Do you suffer from imposter syndrome(, too)?
I was going to write about meaningless texts. No, not political speeches, but blogs, editorials and what not, that fill page after page without ever saying anything. But alas, the imposter syndrome came up again, and I figured I’d focus on this instead. It’s more in tune with my writing on Mondays. Last Friday, I finally heard back from my publisher and editor, the first feedback on my coming novel. I’d been waiting for it for weeks and weeks, and it’s been like sitting on nails, waiting to hear whether the book was “good enough” to be published or not.
“I have written eleven books, but each time I think, ‘Uh oh, they’re going to find out now. I’ve run a game on everybody, and they’re going to find me out.'”
Funny, my coming novel is my eleventh, too. It’s weird, because my emotions have changed a great deal since I wrote my first two novels, and published them virtually at the same time. Back then, in 2013, my biggest fear was that I wasn’t good, period. When you’ve never written fiction before, you can’t know whether you’re good or not. So you wait. You wait for the verdict from the experts: publishers and editors. At the time I didn’t have a publisher. I self-published. My editors were external and well regarded. I was extremely relieved when they gave me two thumbs-up for my writing.
Something changed after the initial success. I received “a lot” (it’s all relative, I know) of favorable reviews, and when the publication of my third novel loomed, fear set in: “will it hold up?”, “is it as good as the first two?”, and for the first time, “will people see through the pretense, the fake? Will they see me as the fraud I really am?”
Because here’s the thing for any artist, any professional (I hope): for every project, every book, painting, symphony we create, tackle, we want to improve. We want to better ourselves, fewer mistakes, fewer typos and grammatical errors for the editor to plow through, fewer plot holes, a tighter plot, more artistic build-up etc. A better product, a better work of art. We increase the pressure on ourselves.

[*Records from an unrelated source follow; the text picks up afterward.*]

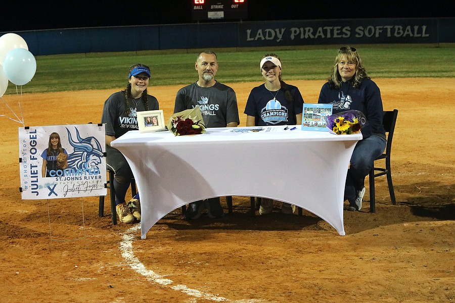 Fogel plays shortstop for the Pirates, who lost their first game of the season, 10-6 to Palatka, before the signing celebration. Her sister, Ruby, plays third base. Their family moved to Palm Coast from Freehold, New Jersey, before last school year.
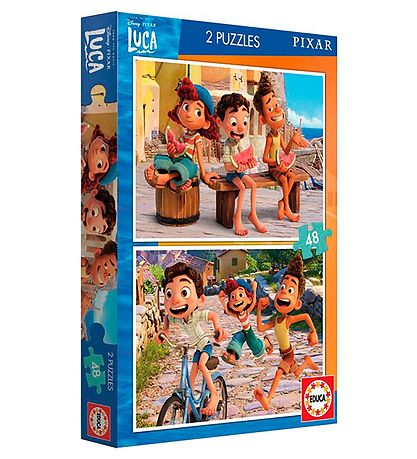 Cute Educa puzzle game which consists of 2 images from the Disney movie Luca with the three friends Luca, Alberto and Giulia.
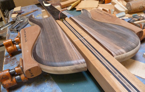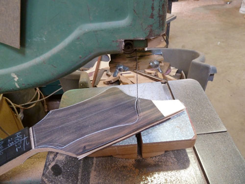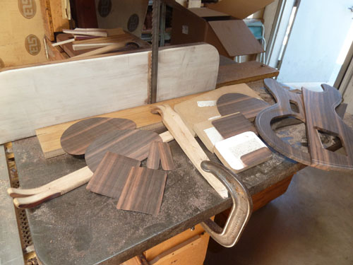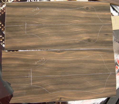 Since we were going with a bookmatched front, we figured we try out a bookmatch back for your peghead. We've done it a few times before, but it's a fairly rare sight around here.
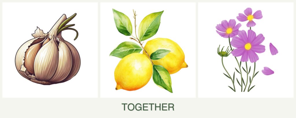 - Pest Control: Garlic is known for its pest-repelling properties, which can benefit nearby plants. However, lemons and cosmos do not have significant pest-repelling abilities.
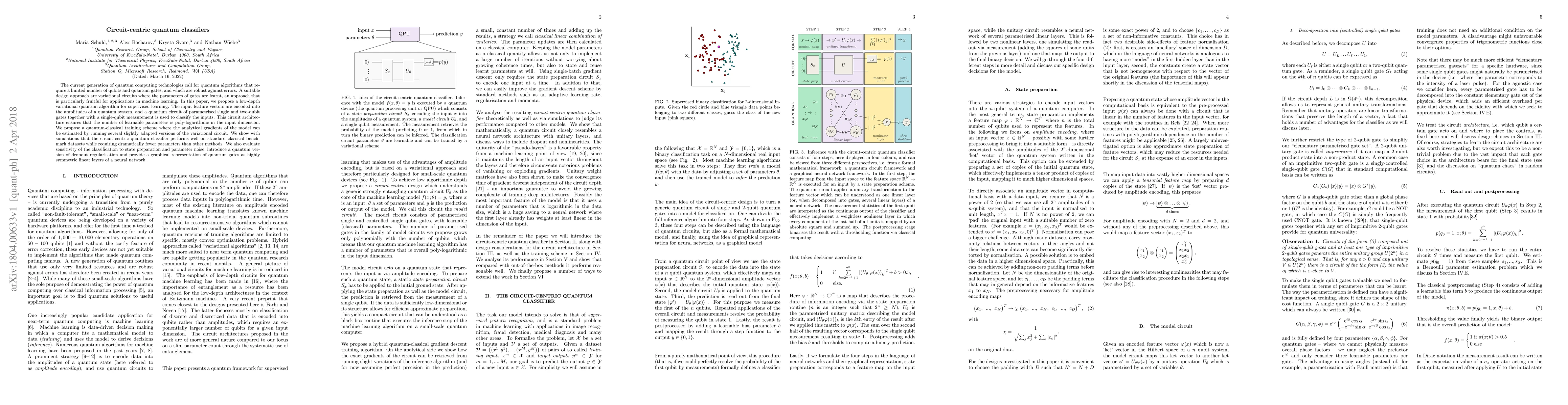 The current generation of quantum computing technologies call for quantum algorithms that require a limited number of qubits and quantum gates, and which are robust against errors. A suitable design approach are variational circuits where the parameters of gates are learnt, an approach that is particularly fruitful for applications in machine learning. In this paper, we propose a low-depth variational quantum algorithm for supervised learning. The input feature vectors are encoded into the amplitudes of a quantum system, and a quantum circuit of parametrised single and two-qubit gates together with a single-qubit measurement is used to classify the inputs. This circuit architecture ensures that the number of learnable parameters is poly-logarithmic in the input dimension. We propose a quantum-classical training scheme where the analytical gradients of the model can be estimated by running several slightly adapted versions of the variational circuit. We show with simulations that the circuit-centric quantum classifier performs well on standard classical benchmark datasets while requiring dramatically fewer parameters than other methods. We also evaluate sensitivity of the classification to state preparation and parameter noise, introduce a quantum version of dropout regularisation and provide a graphical representation of quantum gates as highly symmetric linear layers of a neural network.

That was 2013. Four years later, arriving at novel eleven, book fifteen, I’m a nervous wreck. Disease isn’t just a departure from much of what I’ve done before: first person narrative, diary style, with a commentary from a second first person. I’ve never done that before, and there’s no way for my narrator to interject, add commentary. It’s just two people talking, into the pages of a diary never aimed at being read, or was it? I’m still not 100% sure of Hunter’s intentions with his decision to write things down. I doubt he intended for people to read it… It is one of the dilemmas his partner, Ethan, has to deal with.
I’ve written short stories in a first person narrative, but it’s a risky endeavor. Far from all readers like it. I worked harder on this manuscript than any previous book. Simply because of my worries about its quality. I sent it to my publisher on June 28th. I’ve been waiting for any sort of “sign” since then. I know, two months, right? That’s nothing… Well, to me it seemed like an eternity. A crippling, completely disabling eternity, because when you think you’re about to be caught with your pants around your ankles, you don’t dare to move a muscle… Finally, last Friday, six words released me from my agony:
“it’s really good, by the way.”
Six words in an e-mail about something else entirely. Alas, the best six words I’d hear in a long time. Now the thing with imposter syndrome is that I’m not off the hook. Needless to say, that I will go through this again with my next book, and I know that it gets worse, for every manuscript I send off. What is it like for you? Do you feel the same? How do you deal with the anxiety?